## PROBLEM TO SOLVE
Please output exactly the part of the records below that opens with the line containing "I worked on" and closes with the line containing "(2) JuiceSSHに、", both lines included, and nothing else.

## DATASET RECORDS
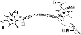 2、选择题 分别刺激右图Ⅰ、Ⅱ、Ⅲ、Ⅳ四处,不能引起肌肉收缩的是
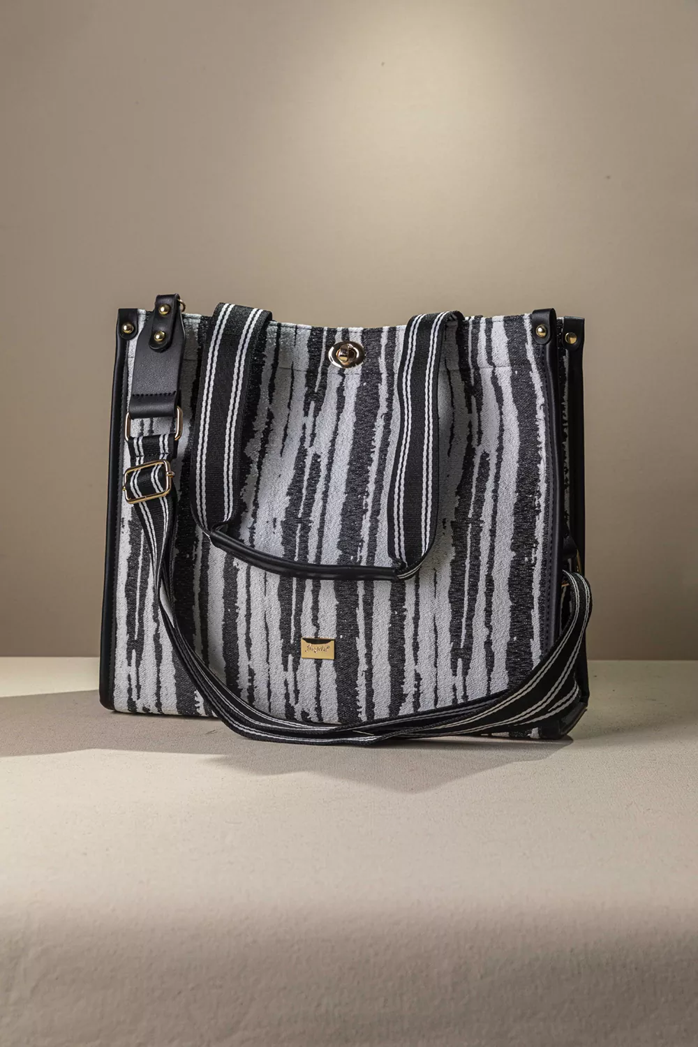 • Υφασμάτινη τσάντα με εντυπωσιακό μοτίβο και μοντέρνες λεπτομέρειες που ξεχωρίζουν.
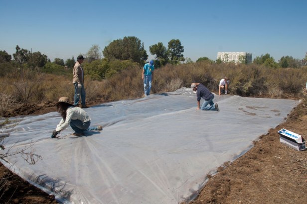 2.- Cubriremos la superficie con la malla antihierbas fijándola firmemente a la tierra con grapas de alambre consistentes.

---

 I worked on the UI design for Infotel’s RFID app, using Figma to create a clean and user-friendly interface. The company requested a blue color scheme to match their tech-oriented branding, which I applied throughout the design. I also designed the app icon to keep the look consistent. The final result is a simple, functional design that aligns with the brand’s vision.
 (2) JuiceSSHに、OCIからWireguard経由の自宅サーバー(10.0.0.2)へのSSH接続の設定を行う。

## COMPLETED EXERCISE
 I worked on the UI design for Infotel’s RFID app, using Figma to create a clean and user-friendly interface. The company requested a blue color scheme to match their tech-oriented branding, which I applied throughout the design. I also designed the app icon to keep the look consistent. The final result is a simple, functional design that aligns with the brand’s vision.
 (2) JuiceSSHに、OCIからWireguard経由の自宅サーバー(10.0.0.2)へのSSH接続の設定を行う。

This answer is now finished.